Especialista recomienda formalizar los contratos y utilizar instrumentos jurídicos que faciliten la recuperación de la propiedad en caso de incumplimiento.
Rentar una vivienda puede convertirse en una importante fuente de ingresos; sin embargo, también implica riesgos si desde el inicio no se establecen mecanismos legales que protejan tanto al propietario como al inquilino.
A diferencia de otras entidades del país, donde generalmente solo se firma un contrato de arrendamiento, en Yucatán es común utilizar el convenio transaccional de ocupación, desocupación y entrega del inmueble, así como convenios de mediación celebrados ante mediadores certificados. Estos instrumentos permiten dejar establecidas las condiciones para la devolución de la propiedad al concluir el plazo pactado o en caso de incumplimiento, lo que brinda mayor certeza jurídica y facilita la recuperación del inmueble.
El doctor en Derecho Rubén Osorio Paredes explicó que uno de los principales temores de quienes ponen una vivienda en renta es enfrentar problemas como la falta de pago, la negativa del inquilino a desocupar el inmueble o el uso indebido de la propiedad.
“Uno de los principales temores de quienes ponen una vivienda en renta es que el ocupante deje de pagar o se niegue a devolver el inmueble cuando llegue el momento de entregarlo. Con el convenio transaccional puede pactarse incluso la desocupación anticipada, lo que hace mucho más ágil el procedimiento”, señaló.
El abogado, titular del despacho Rubén Osorio y Asociados, recomendó verificar la identidad de los posibles arrendatarios, solicitar referencias personales y laborales, comprobar su capacidad económica y documentar detalladamente el estado en que se entrega la vivienda.

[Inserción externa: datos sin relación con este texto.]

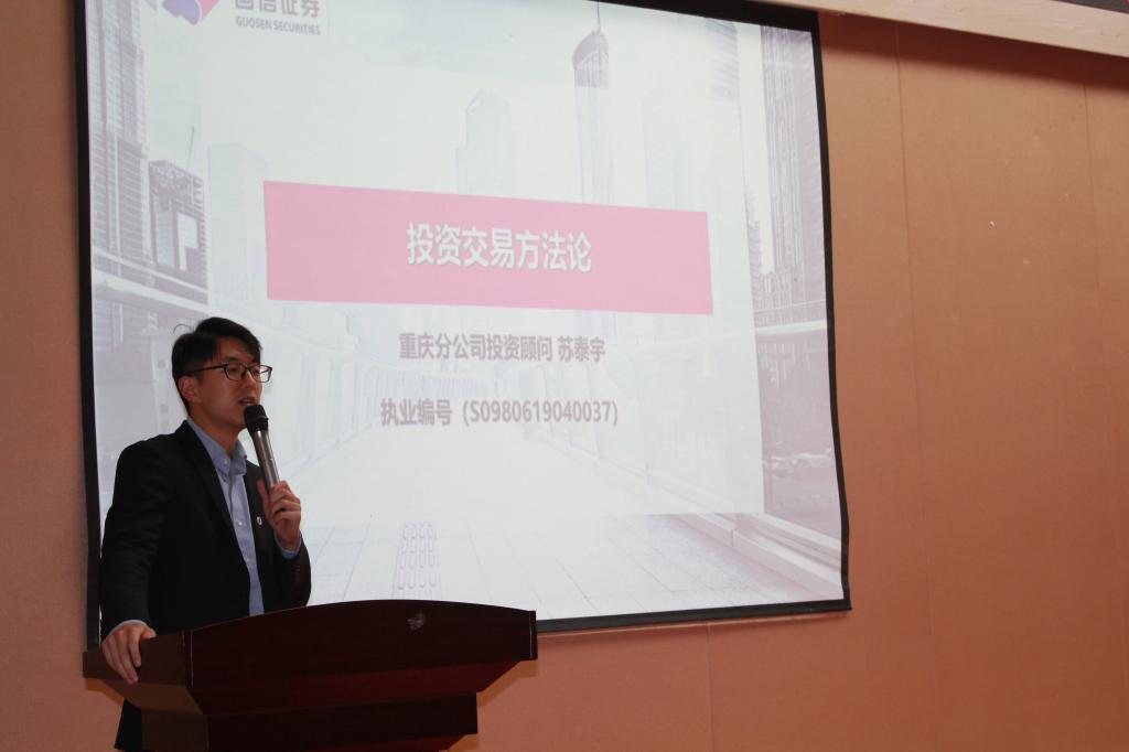 在比赛的最后,国信证券重庆分公司代表苏泰宇对本次活动进行了总结和分析。他赞赏选手们的表现远超他的预期,也指出了选手们对于投资的风险及股票仓位控制的忽视,并对此提出建议和指导。

Asimismo, advirtió que uno de los errores más frecuentes es confiar en acuerdos verbales o utilizar contratos elaborados sin asesoría profesional.
“Es muy importante apegarse siempre a la legalidad, acudir con un abogado y dejar todos los acuerdos por escrito, ya sea mediante un contrato ante notario o con el apoyo de mediadores privados”, enfatizó.
El especialista también aconsejó que los contratos establezcan de manera precisa la fecha de inicio y término del arrendamiento, las causas de rescisión, las restricciones sobre el uso del inmueble y la prohibición de realizar actividades ilícitas.
Además, recomendó incluir una cláusula que limite el uso de la vivienda exclusivamente para fines habitacionales, ya que permitir la instalación de negocios puede generar problemas legales o modificaciones en las tarifas de servicios públicos. De igual forma, sugirió prohibir expresamente el subarrendamiento para evitar que el inmueble sea cedido a terceros sin autorización del propietario.
Respecto a la creencia de que un inquilino puede convertirse en propietario de una vivienda tras habitarla durante varios años, Osorio Paredes aclaró que esta situación no ocurre cuando existe un contrato de arrendamiento debidamente formalizado.
“Si existe un contrato por 10, 15 o 20 años, al concluir ese plazo el inquilino tiene la obligación de devolver la casa. Un contrato bien elaborado elimina ese tipo de riesgos”, puntualizó.
Finalmente, el experto destacó que tanto propietarios como arrendatarios deben actuar bajo los principios de legalidad y buena fe, ya que la formalización de los acuerdos protege a ambas partes y evita procesos judiciales largos, costosos y desgastantes.
“La mejor protección para quien renta una casa no consiste en actuar cuando ya existe un conflicto, sino en prevenirlo desde el principio mediante instrumentos jurídicos adecuados”, concluyó.